As shown in fig. 1, the present invention is implemented by the following steps:

the centrifugal pump comprises an initial impeller with known parameters, the initial impeller is provided with a plurality of identical blades which are uniformly distributed at intervals along the circumference, each blade extends to a position close to the center of the impeller from the edge of the impeller in an arc shape, namely one end of each blade extends to the edge of the impeller, and the other end of each blade extends to the position close to the center of the impeller, and the method comprises the following steps:

1) calculating the Euler lift gradient coefficient of each sampling point on the blade of the initial impeller;

2) judging whether the flowing stall occurs or not by adopting the following mode according to the Euler lift gradient coefficient range, namely dividing the blade profile into a plurality of sections, and judging by using the Euler lift gradient coefficients of the following three sections:

When 0 is present<L<0.1，k_i>37/omega, and 0.6<L<0.7，k_imax>87/omega, and 0.9<L<1.0，k_i<-10/ω. Wherein L is the length of the dimensionless blade profile, i.e. the ratio of the length from the streamline node to the streamline starting point to the total streamline length, the relative streamline is the blade profile, k_imaxIs the maximum value of the Euler lift gradient coefficient, and omega is the angular velocity of the impeller; k is a radical of_iRepresenting the Euler lift gradient coefficient, i representing the ordinal number of the sampling point;

if the flow speed of the impeller is satisfied, the impeller flows and stalls, and the initial impeller is adjusted in the next step to form a composite impeller;

if the condition is not met, the impeller flow is not stalled, and the initial impeller is not adjusted;

3) when the total line length of half of the blades at intervals in the impeller is shortened to form a short blade, the original blade is used as a long blade, the long blade and the short blade are alternately arranged along the circumferential direction, the long blade is subjected to post-loading treatment to obtain a long blade load curve, and the short blade is subjected to pre-loading treatment to obtain a short blade load curve under the condition that the total loading load of the short blade is consistent with the total loading load of the long blade; by adjusting the inlet flow angle and the outlet flow angle of the short blade, the total loading load of the short blade is consistent with the total loading load of the long blade, namely the total area of the load distribution curve of the short blade is consistent with the total area of the load distribution curve of the long blade, the abscissa of the load distribution curve is relative flow line length, and the ordinate is load. In this case, the impeller with even number of blades is designed to be distributed at intervals of long and short blades, and the optimal design of the composite impeller is formed.

And taking the long blade load curve loaded at the back and the short blade load curve loaded at the front as input conditions, and designing the impeller with even number of blades to be distributed at intervals of long and short blades according to a blade profile differential equation to form the optimized design of the composite impeller.

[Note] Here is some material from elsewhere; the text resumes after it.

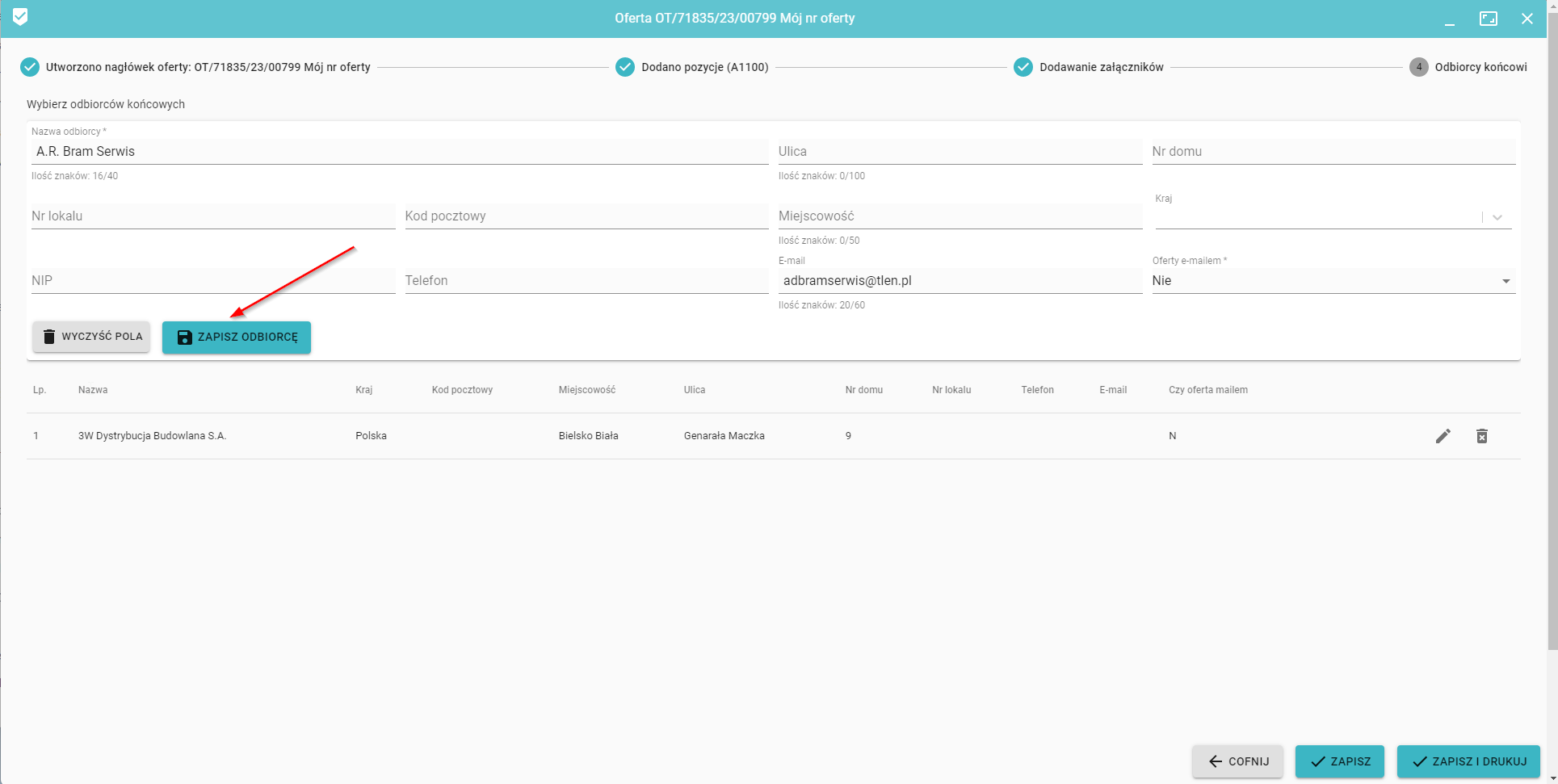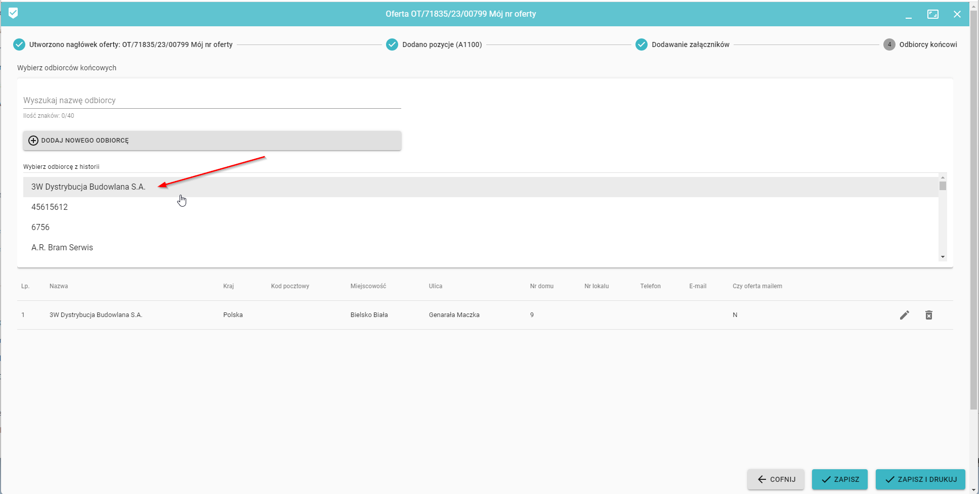 Wybierając odbiorcę z listy, zostanie on automatycznie dodany do formularza. Ostatecznie należy zapisać odbiorcę do oferty przez
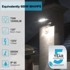 2024 NEW VERSION: 70w led flood light outdoor with 76 ultra-bright LEDs produces up to 10500 lumens 5000K bright light, saving over 85% of the electricity bill compared with the equivalent traditional halogen bulb of 420 watts, no longer worry about high electricity costs. 180° TRUNNION ANGLE & OVER 120° WIDER BEAM ANGLE: 180° trunnion angle can be adjustable. The elastic screw adjusts the bracket to flexibly change the area of light exposure. Effective shock resistance of tempered glass mask with soft light effectively reduces glare and provides efficient lighting for your larger area environment. After many years of use, the lamp body is still bright without damage. 100W FloodLights Recommend Install Height at 10~16 ft. diameter: 32-40ft. IP65 WATERPROOF & LONG LIFESPAN: Die-cast aluminum material outdoor flood light, high-transparency lenses, stainless steel screws, high hardness, and high-temperature resistance. Waterproof flood lights outdoors are used in a wide temperature range (-22+113f). The waterproof joints effectively isolate rainwater. This outdoor flood light back strip design has fast heat dissipation and provides up to 30,000+ hours of lifespan. The floodlight can work well in rain, sleet, and snow. WALL MOUNT BASE & MORE OCCASIONS: 70W Led flood lights with wall mount base can be installed not only on the ceiling, walls, ground, lawn, billboards, and so on. Our LED flood outdoor lights are also suitable for indoor and outdoor and for yards, gardens, barns, front porches, factories, docks, squares, stadiums, and other places where lighting is needed. (DO Not have plug) 5-YEAR ASSURANCE: Installation is a breeze with the included universal junction box mounting plate, requiring no tools. Supported by 's 5-year assurance promise and dedicated 24/7 customer service, these lights are a reliable choice for any outdoor lighting need.

The inlet liquid flow angle and the outlet liquid flow angle are specifically the peripheral speed and relative speed included angle of one end of the blade at the center of the impeller and one end of the blade at the edge of the impeller respectively.

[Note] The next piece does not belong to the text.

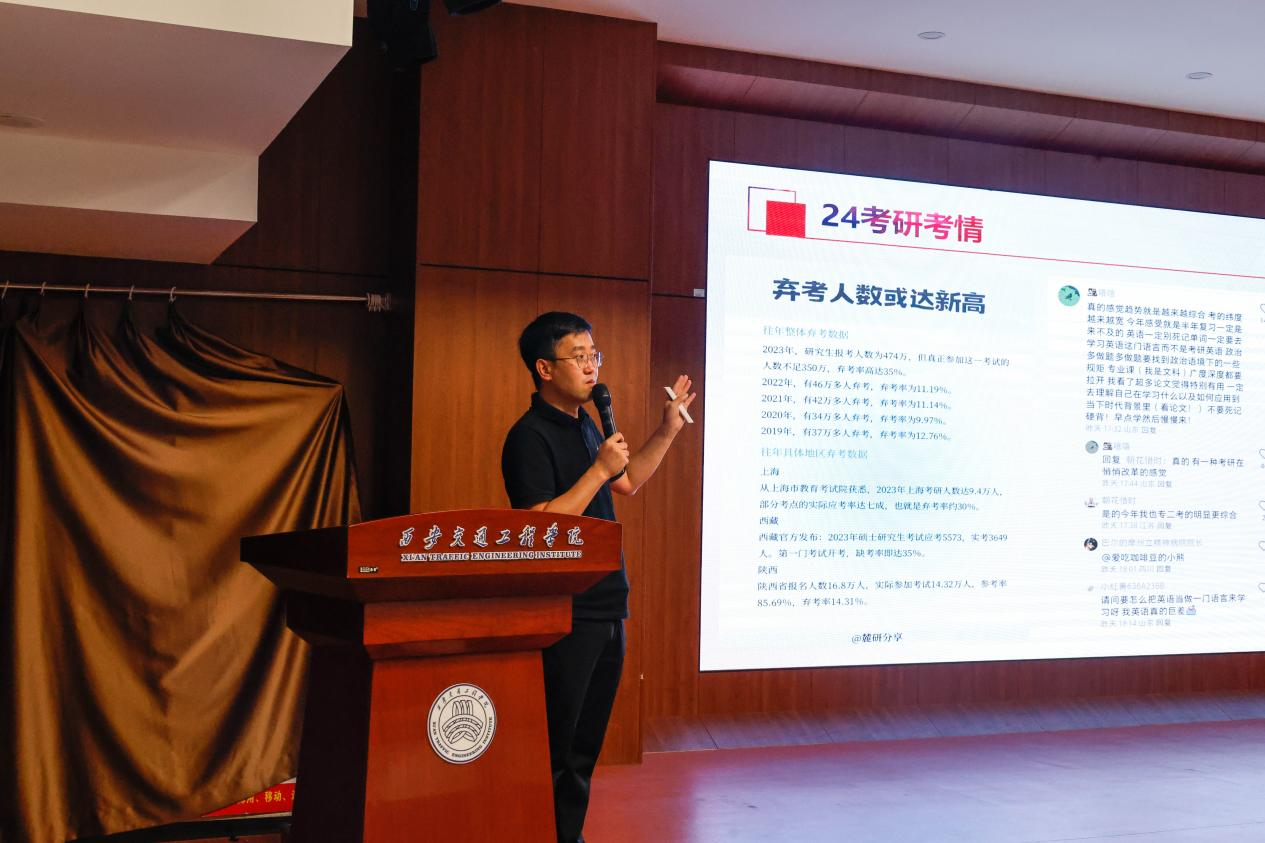 贺波老师通过讲座和互动的方式,对考研院校和专业的选择、复习备考的经验等议题进行了深入的阐释。首先,他向学生介绍了如何全面了解目标院校的具体要求,包括招生简章、录取分数线、报录比、师资力量、科研平台、就业状况等关键信息。同时,他建议学生关注院校官方网站、考研论坛以及学长学姐的经验分享,以确保在选择时不盲目跟从,做到心中有数。接着,贺老师强调了结合个人实际情况进行理性分析的重要性。他指出,学生应考虑院校的地理位置、学术氛围、资源条件是否与个人发展目标相契合,以及专业的研究方向、课程设置、发展前景是否符合个人职业规划。同时,他提醒学生,择校择专并非一成不变,随着备考进程的深入,个人情况也可能发生变化。

Therefore, the invention completes the redesign and manufacture of the composite impeller of the centrifugal pump.

The specific steps of the step 1) are as follows:

1.1) for an initial impeller with known parameters, dividing a blade into a plurality of equal sections along a molded line, establishing a sampling point at each equal section, and increasing and sequencing the serial numbers of all the sampling points from the center of the initial impeller to the outside;

1.2) obtaining the circumferential component of the absolute velocity of each sampling point by calculating the streamline velocity change table look-up;

1.3) obtaining the Euler lift of each sampling point by adopting the following formula;

H_i＝υ_ur_sω/g

wherein upsilon is_uA circumferential component, r, representing the absolute velocity of the sample point_sThe distance from a sampling point to the axis of the impeller is shown, g represents the gravity acceleration, and omega represents the angular velocity of the impeller;

1.4) obtaining the Euler lift gradient coefficient of each sampling point of the initial impeller according to the following formula, and further obtaining the Euler lift gradient range distribution of the initial impeller:

k_i＝(H_i+1-H_i)/ωΔx

Wherein k is_iThe coefficient of the Euler head gradient, H, representing the ith sample point_iThe euler head of the ith sampling point is represented, and the deltax represents the distance between two adjacent sampling points.

The composite impeller of the centrifugal pump adopts the Euler lift gradient as the reverse gradient distribution along the molded line of the blade, and obtains the Euler lift gradient coefficient range based on the gradient, thereby optimizing the blade structure.

In the step 3), the total profile length of the blade is shortened to form a short blade, which specifically comprises the following steps: the end of the vane near the edge of the impeller is kept unchanged, and the end of the vane near the center of the impeller is reduced by 30% of the total profile length, so that the total profile length of the short vane becomes 70% of that of the long vane.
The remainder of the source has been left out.